Print the first line of the records below and every line after it, up to and including the line with "MFurn Round Nightstands". Print nothing else.

----------------

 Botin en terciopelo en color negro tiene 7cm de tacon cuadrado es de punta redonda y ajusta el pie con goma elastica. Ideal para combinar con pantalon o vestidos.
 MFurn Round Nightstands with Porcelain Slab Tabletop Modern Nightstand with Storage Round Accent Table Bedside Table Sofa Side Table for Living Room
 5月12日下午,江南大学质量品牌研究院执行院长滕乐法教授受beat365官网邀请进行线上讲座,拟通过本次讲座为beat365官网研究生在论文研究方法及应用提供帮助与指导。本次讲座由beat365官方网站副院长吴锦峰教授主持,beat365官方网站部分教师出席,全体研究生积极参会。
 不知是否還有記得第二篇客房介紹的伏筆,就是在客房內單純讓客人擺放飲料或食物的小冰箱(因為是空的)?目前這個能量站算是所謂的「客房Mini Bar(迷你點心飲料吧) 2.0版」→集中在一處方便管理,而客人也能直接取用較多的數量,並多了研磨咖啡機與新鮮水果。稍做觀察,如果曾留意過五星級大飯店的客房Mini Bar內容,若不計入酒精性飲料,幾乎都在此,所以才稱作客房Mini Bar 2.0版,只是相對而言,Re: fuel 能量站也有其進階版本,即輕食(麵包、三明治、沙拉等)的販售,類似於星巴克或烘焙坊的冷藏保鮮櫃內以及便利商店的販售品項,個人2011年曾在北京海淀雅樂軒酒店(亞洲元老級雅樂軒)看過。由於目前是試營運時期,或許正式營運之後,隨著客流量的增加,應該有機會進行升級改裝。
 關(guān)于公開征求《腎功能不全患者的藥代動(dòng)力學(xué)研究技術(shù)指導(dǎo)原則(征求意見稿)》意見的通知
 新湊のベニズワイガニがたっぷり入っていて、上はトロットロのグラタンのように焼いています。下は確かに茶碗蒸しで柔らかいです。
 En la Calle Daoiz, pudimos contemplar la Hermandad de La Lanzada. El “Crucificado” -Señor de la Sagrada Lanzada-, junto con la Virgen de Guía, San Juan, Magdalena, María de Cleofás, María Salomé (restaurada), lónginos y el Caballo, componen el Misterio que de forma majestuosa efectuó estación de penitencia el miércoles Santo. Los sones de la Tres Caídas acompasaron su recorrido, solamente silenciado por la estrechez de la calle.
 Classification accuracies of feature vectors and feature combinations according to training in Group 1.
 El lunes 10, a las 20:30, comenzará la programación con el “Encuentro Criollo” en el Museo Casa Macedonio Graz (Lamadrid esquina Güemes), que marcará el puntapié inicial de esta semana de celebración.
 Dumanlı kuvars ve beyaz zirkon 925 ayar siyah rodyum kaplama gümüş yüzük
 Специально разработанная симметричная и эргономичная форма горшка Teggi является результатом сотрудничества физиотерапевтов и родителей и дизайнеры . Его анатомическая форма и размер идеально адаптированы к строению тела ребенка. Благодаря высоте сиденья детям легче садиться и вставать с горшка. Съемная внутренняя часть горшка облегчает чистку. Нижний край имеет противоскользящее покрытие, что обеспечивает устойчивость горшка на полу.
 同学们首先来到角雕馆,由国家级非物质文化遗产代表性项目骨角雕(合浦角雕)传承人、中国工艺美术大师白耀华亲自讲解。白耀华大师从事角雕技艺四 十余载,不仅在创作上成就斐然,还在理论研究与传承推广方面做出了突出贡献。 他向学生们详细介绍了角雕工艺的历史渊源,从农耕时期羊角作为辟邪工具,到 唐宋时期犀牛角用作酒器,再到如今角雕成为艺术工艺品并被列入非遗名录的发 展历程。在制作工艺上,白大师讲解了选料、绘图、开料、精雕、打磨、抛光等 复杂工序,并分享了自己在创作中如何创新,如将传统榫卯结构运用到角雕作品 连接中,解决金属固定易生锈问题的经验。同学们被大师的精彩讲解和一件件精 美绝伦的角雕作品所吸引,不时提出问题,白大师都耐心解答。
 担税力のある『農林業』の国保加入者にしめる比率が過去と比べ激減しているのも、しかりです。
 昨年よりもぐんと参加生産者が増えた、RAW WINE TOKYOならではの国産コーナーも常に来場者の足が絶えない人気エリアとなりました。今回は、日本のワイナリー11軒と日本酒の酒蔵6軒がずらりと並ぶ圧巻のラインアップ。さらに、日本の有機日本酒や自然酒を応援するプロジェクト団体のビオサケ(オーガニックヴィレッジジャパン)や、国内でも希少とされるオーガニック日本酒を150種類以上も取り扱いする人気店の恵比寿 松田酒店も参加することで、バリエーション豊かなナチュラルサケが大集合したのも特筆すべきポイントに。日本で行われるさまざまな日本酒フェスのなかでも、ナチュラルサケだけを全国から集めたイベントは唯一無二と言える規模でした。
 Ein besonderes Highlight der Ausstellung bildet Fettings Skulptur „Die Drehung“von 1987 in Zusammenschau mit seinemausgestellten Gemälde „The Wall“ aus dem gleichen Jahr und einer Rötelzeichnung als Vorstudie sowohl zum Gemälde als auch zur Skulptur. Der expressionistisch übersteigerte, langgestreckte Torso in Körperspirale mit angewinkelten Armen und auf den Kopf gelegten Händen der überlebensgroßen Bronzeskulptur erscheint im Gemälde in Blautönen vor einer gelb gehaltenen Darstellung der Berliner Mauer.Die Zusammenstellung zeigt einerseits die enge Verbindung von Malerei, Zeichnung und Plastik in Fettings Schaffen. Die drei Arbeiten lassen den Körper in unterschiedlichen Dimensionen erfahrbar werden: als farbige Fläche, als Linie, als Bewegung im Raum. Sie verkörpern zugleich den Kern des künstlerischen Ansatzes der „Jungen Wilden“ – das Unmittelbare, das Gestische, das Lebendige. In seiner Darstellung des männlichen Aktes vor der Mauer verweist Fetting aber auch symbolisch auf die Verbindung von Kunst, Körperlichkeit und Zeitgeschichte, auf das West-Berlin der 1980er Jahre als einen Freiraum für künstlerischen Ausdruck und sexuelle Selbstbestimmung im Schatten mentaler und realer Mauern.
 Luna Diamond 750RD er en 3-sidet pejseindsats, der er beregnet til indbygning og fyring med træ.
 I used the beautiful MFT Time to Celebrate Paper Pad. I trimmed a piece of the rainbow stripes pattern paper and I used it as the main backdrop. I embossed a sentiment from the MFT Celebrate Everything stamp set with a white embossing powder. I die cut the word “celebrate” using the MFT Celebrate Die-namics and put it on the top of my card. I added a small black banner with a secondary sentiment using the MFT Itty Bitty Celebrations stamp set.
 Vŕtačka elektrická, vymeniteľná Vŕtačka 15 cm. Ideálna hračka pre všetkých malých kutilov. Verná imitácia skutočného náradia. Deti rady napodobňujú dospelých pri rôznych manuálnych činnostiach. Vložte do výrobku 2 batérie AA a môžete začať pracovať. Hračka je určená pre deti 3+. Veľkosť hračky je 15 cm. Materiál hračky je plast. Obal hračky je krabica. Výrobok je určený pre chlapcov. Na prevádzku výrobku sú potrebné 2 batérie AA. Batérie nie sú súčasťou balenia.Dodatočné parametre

----------------

- _Result below_
 Botin en terciopelo en color negro tiene 7cm de tacon cuadrado es de punta redonda y ajusta el pie con goma elastica. Ideal para combinar con pantalon o vestidos.
 MFurn Round Nightstands with Porcelain Slab Tabletop Modern Nightstand with Storage Round Accent Table Bedside Table Sofa Side Table for Living Room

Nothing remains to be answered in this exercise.